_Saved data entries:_
---------------
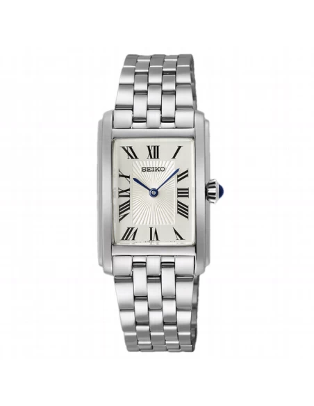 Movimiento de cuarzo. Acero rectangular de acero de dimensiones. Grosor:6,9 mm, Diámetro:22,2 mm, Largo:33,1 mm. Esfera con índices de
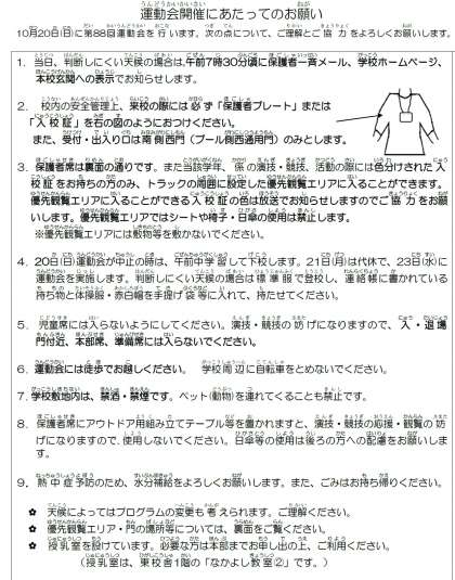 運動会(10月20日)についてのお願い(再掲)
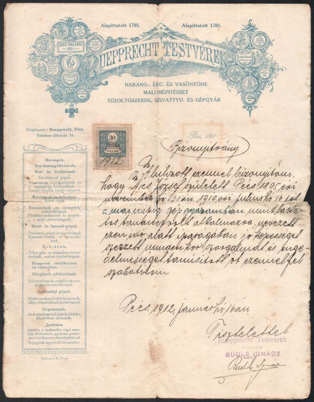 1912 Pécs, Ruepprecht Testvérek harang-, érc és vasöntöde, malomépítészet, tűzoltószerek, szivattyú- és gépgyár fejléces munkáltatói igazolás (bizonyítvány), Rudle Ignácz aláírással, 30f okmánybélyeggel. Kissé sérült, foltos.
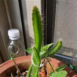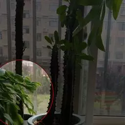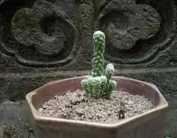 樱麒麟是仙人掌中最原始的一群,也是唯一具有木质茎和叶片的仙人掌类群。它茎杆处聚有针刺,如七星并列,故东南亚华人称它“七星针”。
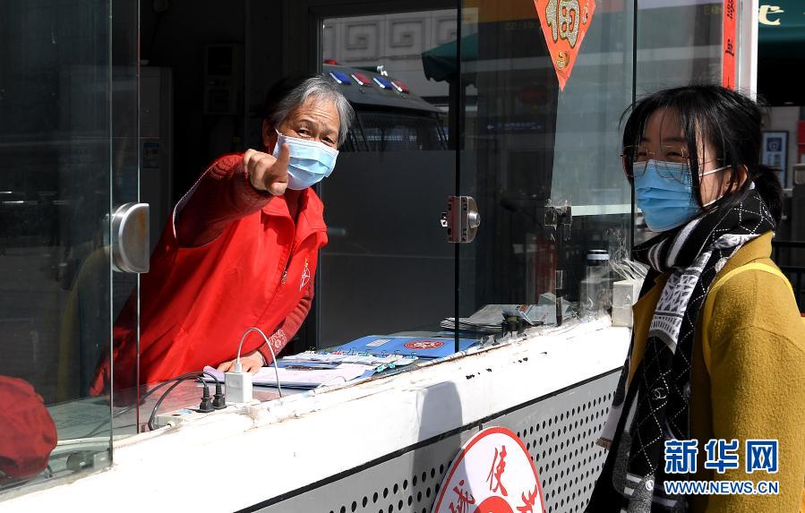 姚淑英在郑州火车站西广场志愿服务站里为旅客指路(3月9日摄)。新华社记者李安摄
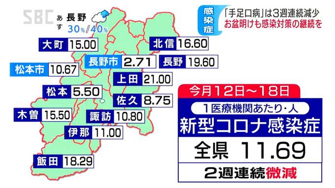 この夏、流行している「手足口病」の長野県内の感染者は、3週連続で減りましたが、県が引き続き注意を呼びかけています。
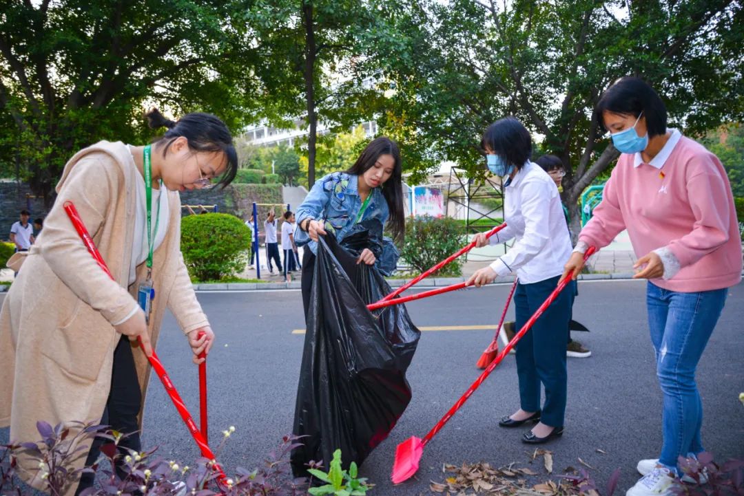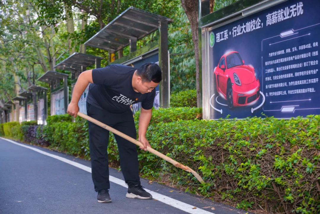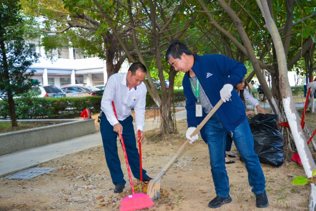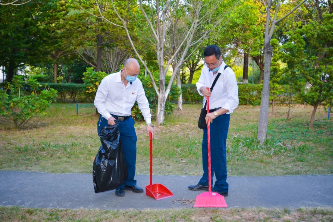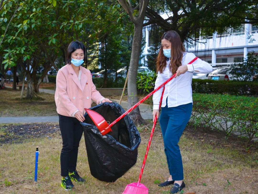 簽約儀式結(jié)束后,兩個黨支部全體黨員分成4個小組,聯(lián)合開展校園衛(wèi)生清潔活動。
---------------
_Goal of the exercise:_
Every line of the records must come back unchanged, except that pictures are dropped.

_Solved exercise:_
 Movimiento de cuarzo. Acero rectangular de acero de dimensiones. Grosor:6,9 mm, Diámetro:22,2 mm, Largo:33,1 mm. Esfera con índices de
 運動会(10月20日)についてのお願い(再掲)
 1912 Pécs, Ruepprecht Testvérek harang-, érc és vasöntöde, malomépítészet, tűzoltószerek, szivattyú- és gépgyár fejléces munkáltatói igazolás (bizonyítvány), Rudle Ignácz aláírással, 30f okmánybélyeggel. Kissé sérült, foltos.
 樱麒麟是仙人掌中最原始的一群,也是唯一具有木质茎和叶片的仙人掌类群。它茎杆处聚有针刺,如七星并列,故东南亚华人称它“七星针”。
 姚淑英在郑州火车站西广场志愿服务站里为旅客指路(3月9日摄)。新华社记者李安摄
 この夏、流行している「手足口病」の長野県内の感染者は、3週連続で減りましたが、県が引き続き注意を呼びかけています。
 簽約儀式結(jié)束后,兩個黨支部全體黨員分成4個小組,聯(lián)合開展校園衛(wèi)生清潔活動。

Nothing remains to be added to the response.